French soldier and Illinois Country explorer

Claude Charles du Tisné (also Dutisné) led the first official French expedition to visit the Osage and the Wichita Indians in 1719 in what became known as Kansas in the present-day United States.

==Life==
Claude Charles du Tisné was born in France around 1681 and went to Canada in 1705 as a soldier. He was sent to establish a fort on the Ohio River. He built up a reputation for competence and knowledge of the frontier and the Indians.

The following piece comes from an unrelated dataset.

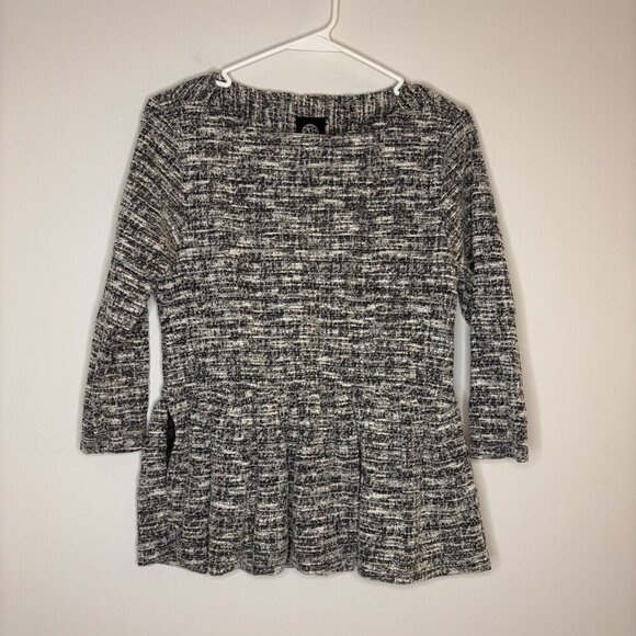 BOBEAU 3/4 Sleeve Peplum Pullover Pockets Knit Black Heather Size Medium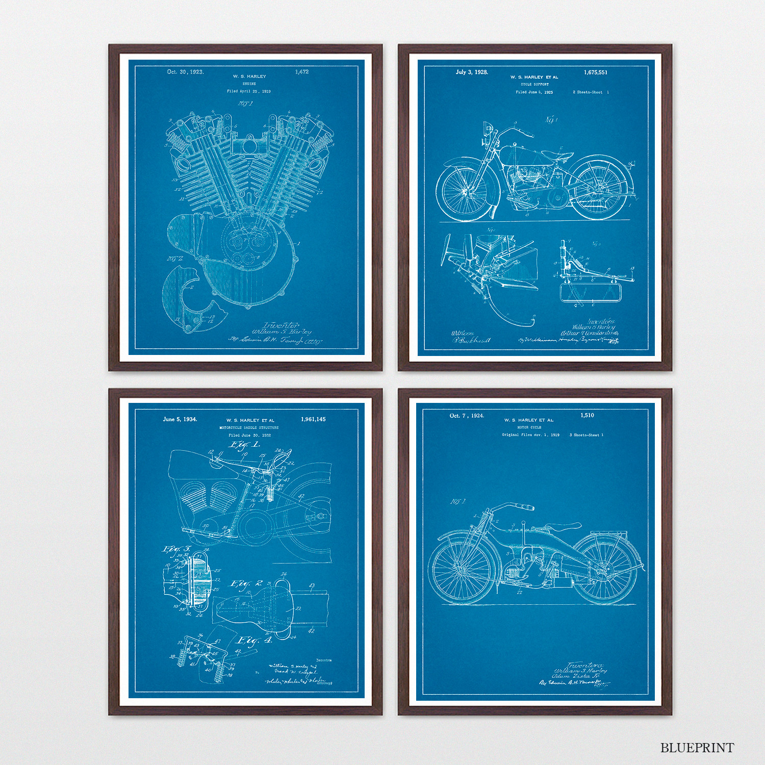 Harley Davidson Patent Collection // 4 Print Set // Blueprint

In 1714, he assisted in the construction of Fort Rosalie among the Natchez people, and in 1716 he led construction of Fort des Natchitoches on the Red River. He served as commandant in Natchitoches for two years.

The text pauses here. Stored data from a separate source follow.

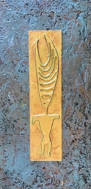 Original Petroglyph relief paintings, by Hawaii artist Ilze Sims, are richly textured in earthy tones of copper, browns, antique bronze and gold, with a verdigris blue green patina resembling moss covered lava rock. The raised relief of the petroglyphs combined with the textured background create a beautiful 3D effect. It will add a distinctive Hawaiian theme and contemporary, tropical feel to your home and a touch of royalty to your walls!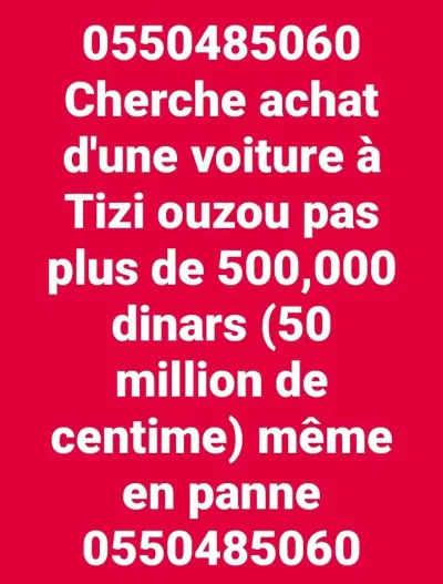 Cherche achat d'une voiture à Tizi ouzou pas plus de 500,000 dinars (50 million de centime) même en panne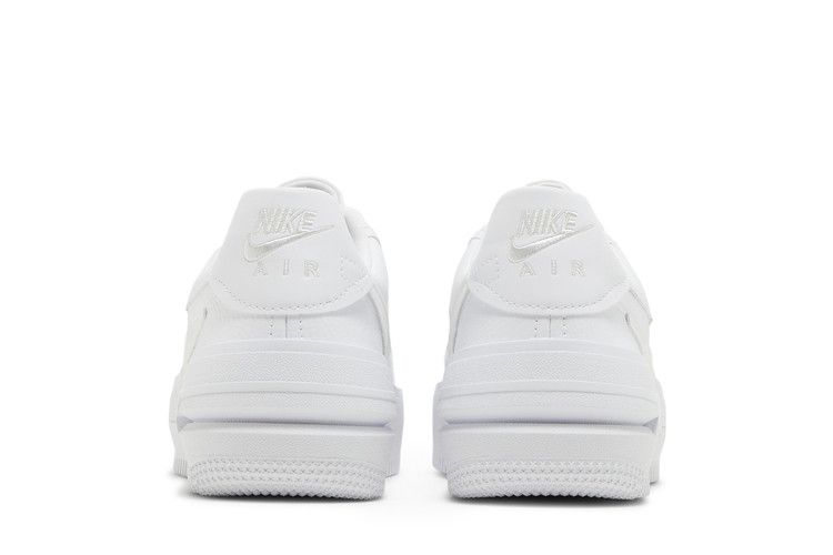The Nike Air Force 1 PLT.AF.ORM Triple White (Women's) features a tumbled leather upper with layered paneling on the lateral collar and cut-out Swooshes. Smooth leather accents the tongue, Swooshes,...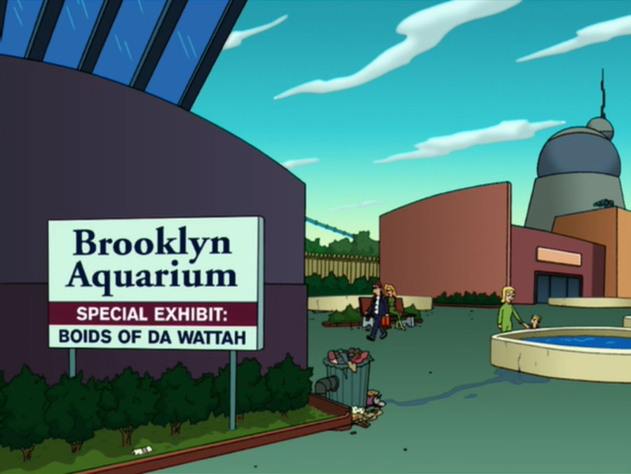 | # | | 1 | Boids of da Wattah  | FUTURAMA 1999 Animated Series | Living Things | Animals | | Boids of da Wattah Special exhibit at the Brooklyn Aquarium, where Fry takes his Lucy Liu robot.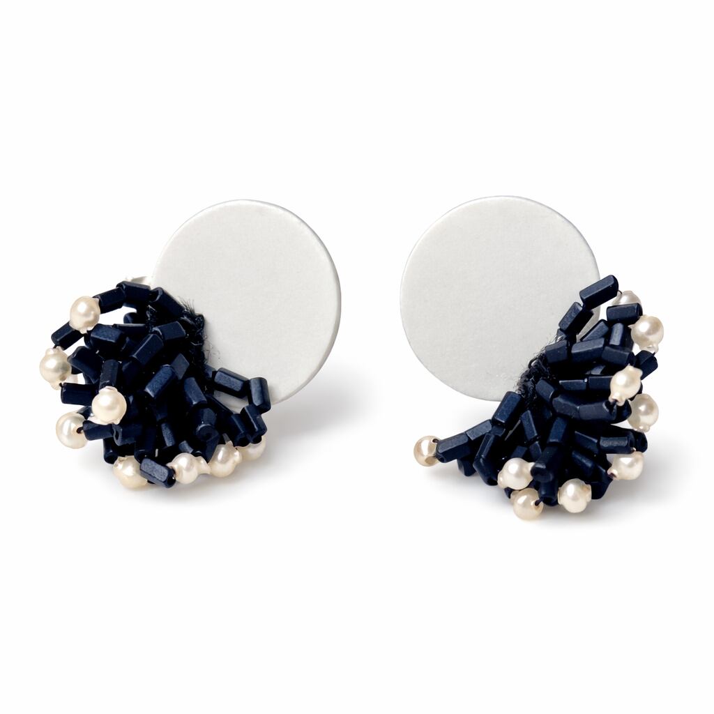 mouth-blown glass, are paired with small yet striking black beads with a

In 1719 his superiors instructed him to visit the Panis or Panioussa (Wichita) and the Padouca (Apache) as a first step toward establishing trade with the Spanish colony of Santa Fe in New Mexico. He was to make friends with these Indians, who were then unknown except by name to the French, and ensure that they posed no problems to such trade passing through their lands. What Du Tisné and the French did not know was that the leaders of New Mexico were opposed to any trade with the French.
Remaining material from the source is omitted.